A Roth IRA is a valuable savings tool that provides tax-free money in retirement. You don’t get a tax break for your contributions, but the money grows tax-deferred through the years and you can withdraw the earnings tax-free after age 59 ½, as long as you’ve had a Roth for at least five years. And you can access your contributions without penalties or taxes at any time for any reason.
But you can only contribute to a Roth IRA if your income is below the cut-off. To qualify for the full $6,000 contribution in 2019 (or $7,000 if you’re 50 or older), your modified adjusted gross income must be less than $122,000 if you’re single or $193,000 if married filing jointly. The contribution amount gradually phases out as your income rises, and you can’t contribute to a Roth IRA at all if you’re single earning more than $137,000, or $203,000 if you’re married filing jointly.
But there is a way to get money into a Roth IRA even if you earn too much. There’s no income limit to contribute to a traditional IRA that isn’t tax-deductible and then convert the money to a Roth IRA, a strategy called a “backdoor Roth contribution.” It’s a good idea to keep the money in the traditional IRA for at least a month before converting it to the Roth, so it’s clear on your investment statement that the contribution was to the traditional IRA. Contact your IRA administrator to make the conversion.
The tricky part, however, is the tax bill. You generally have to pay income taxes when you convert money from a traditional IRA to a Roth. The portion of any conversion that comes from nondeductible contributions is tax-free, but the rest of the conversion is taxable. If your traditional IRA contribution was not tax-deductible and you don’t have any other traditional IRAs, then the tax bill may be very small: You only have to pay income taxes on any earnings in the IRA between the time you made the contribution and when you converted to the Roth.
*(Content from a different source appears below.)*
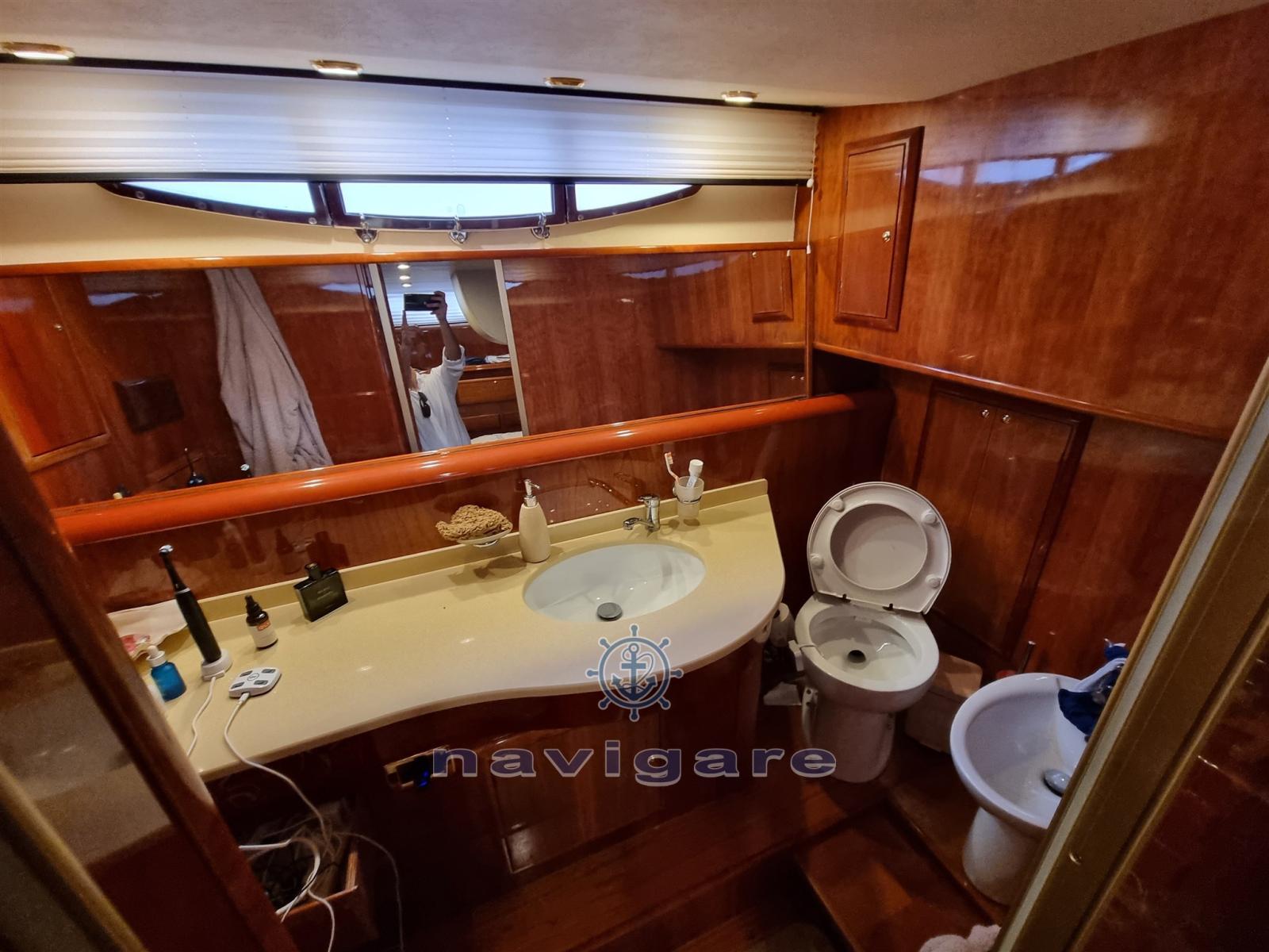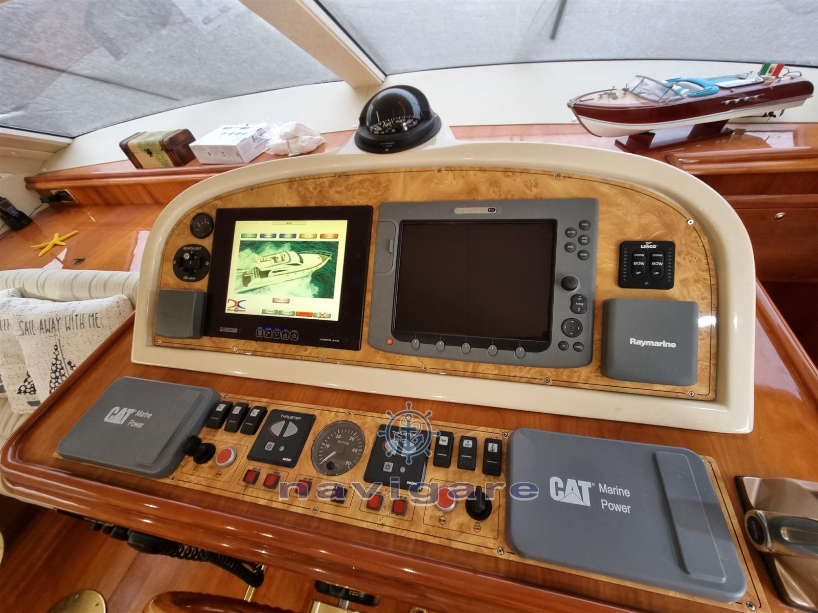 Teak side walkways, Battery charger, Stern thruster, Bow thruster, Adjustable headlight, Hydraulic flaps, Courtesy lights, Gangway, Teak cockpit, Electric windlass, Cockpit table, Bow mooring winch

But the calculation becomes more complicated if you already have other money in traditional IRAs — either from earlier contributions and earnings or a rollover from a 401(k) or other retirement-savings plan — because you can’t pick and choose which money to convert. In that case, you need to add up the amount of money you have in all of your traditional IRAs and figure out what portion of the total balance is from nondeductible contributions. Only the percentage from nondeductible contributions is tax-free (because that money has already been taxed), and the rest of the conversion is taxable — no matter how much money you convert.
For example, if the balance in all of your traditional IRAs adds up to $60,000 and $6,000 of that total was from nondeductible contributions, then 10% of your conversion will be tax-free and 90% of the conversion will be taxable.
The conversion can still be worthwhile if you think that your income-tax rate is lower now than it will be in the future — the money will grow tax-free in the account from that point on. A Roth IRA also diversifies your tax situation in retirement — having a pot of money you can tap tax-free can be particularly helpful if the rest of your retirement savings is primarily in tax-deferred accounts that will boost your taxable income when withdrawn.
You have until April 15, 2020, to contribute to an IRA for 2019. For more information about who can contribute to an IRA, including some frequently overlooked ways to save for retirement, see Additional tax-advantaged ways to save for retirement.
Another way high earners can build up tax-free savings for retirement is to contribute to a Roth 401(k), if offered by your employer. There are no income limits to qualify to make Roth 401(k) contributions.